Посол кланяется. Они садятся за великопостную трапезу. Шапюи еле притрагивается к еде. Быть послом в Англии не великая радость – варварский язык и, как сказал Шапюи, погода, но, по крайней мере, он рассчитывал по окончании срока отбыть торжественно, с королевскими дарами.

– Что слышно про молодого Ризли? – спрашивает Шапюи. – Я пишу слезные письма… и, Томас, сейчас я говорю правду, я убеждал Брюссель: «Бога ради, не обижайте этого молодого человека, он в большом фаворе у английского короля и милорда Кремюэля». Надеюсь, там вняли моим словам и мы с вашим молодым другом скоро будем в пути.

Зовите-меня должен въехать в ворота Кале, когда корабль Шапюи войдет в порт. В какой-то миг эти двое, невидимо друг для друга, разминутся, направляясь в противоположные стороны.

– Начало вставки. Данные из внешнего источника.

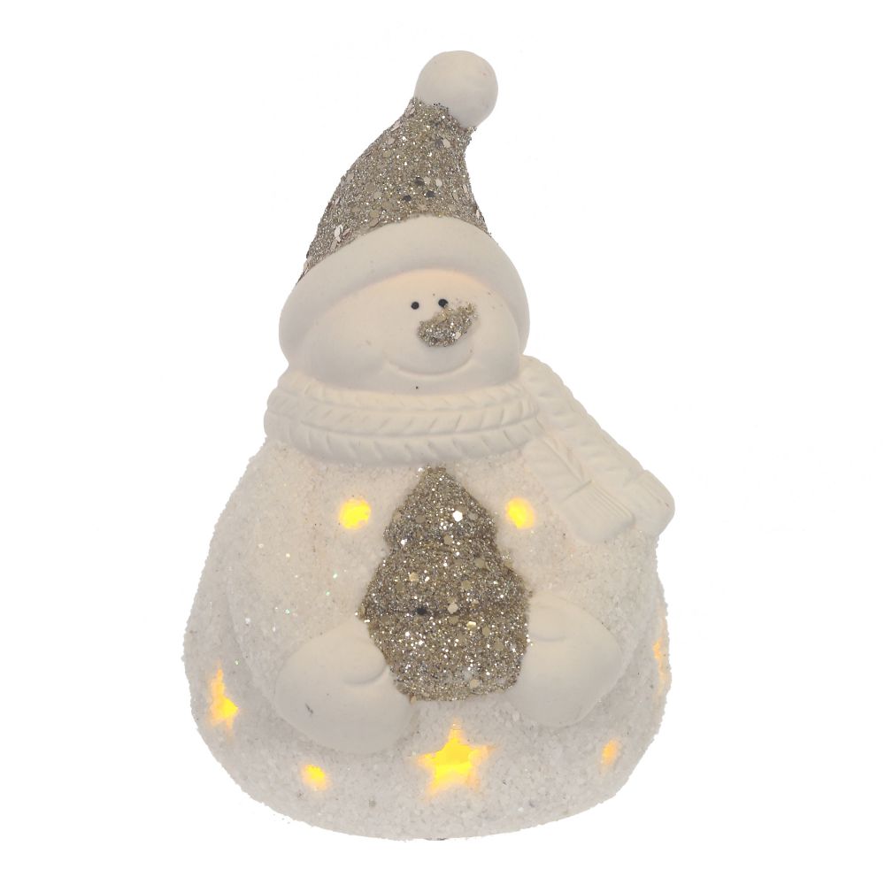 Чудесная фигурка снеговика станет настоящей изюминкой Вашего интерьера. Одним нажатием клавишы на снеговичке зажгутся яркие звёздочки. Фигурка декоративная Снеговик с подсветкой, изготовлена из керамики. Работает от двух батареек LR44. Представлено в двух вариантах.
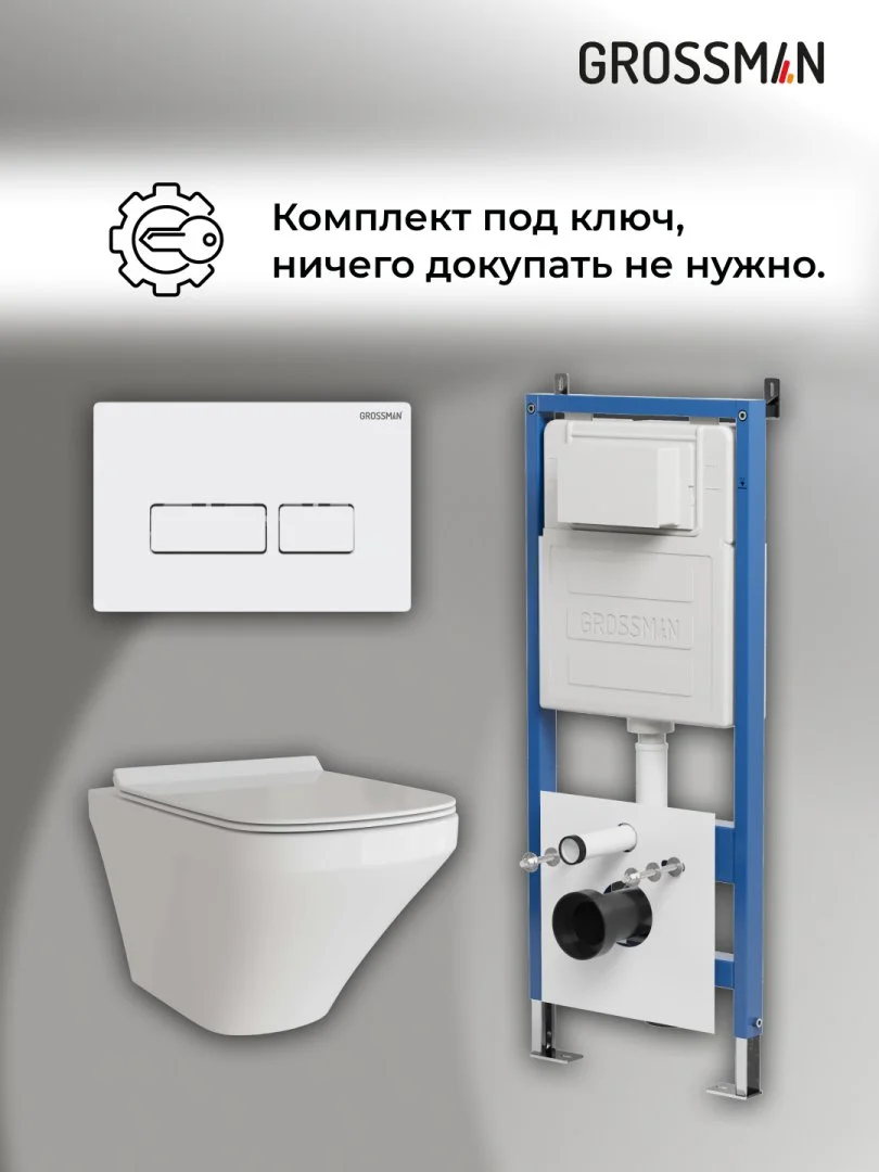 Комплект инсталляции GROSSMAN 900.K31.01.000 с клавишей смыва 700.K31.03.000.000 белый и унитазом GROSSMAN GR-4440S арт.97.4440S.03.000

– Лишь бы вы не ускользнули под покровом ночи, – говорит он. – Мне бы не хотелось ставить перед вашим домом стражу.

Шапюи вскидывает ладони:

– Я не сидел бы здесь, если бы задумал подобное. И я не хочу уезжать, пока мой преемник не вступил в должность. Это чревато всевозможными недопониманиями.

Шапюи должен сменить епископ Камбре, славный малый, грубоватый и бесхитростный. Он наверняка ничего не поймет и уж точно не будет понимать короля.

– Я часто жалел вас, Кремюэль, – говорит Шапюи. – Генрих – великий человек, ему недостает лишь последовательности, благоразумия и здравого смысла. Но вы хотя бы встречаетесь с ним лицом к лицу. Видите, как он воспринимает ваши слова. Я, вдали от моего повелителя, всегда боюсь, что меня превратно поймут. Или что те, кто приближен к императорской особе, извратят мои слова. У вас нет старых друзей. Я хочу сказать, из старинных фамилий. Я не так низок по рождению, но знаете, как это бывает, – я всегда должен был слать деньги домой. В чем-то мне везло, и я трудился не покладая рук. Однако я невольно чувствую, что пробился в жизни примерно как вы, Томас. – Он складывает салфетку. – Случайно.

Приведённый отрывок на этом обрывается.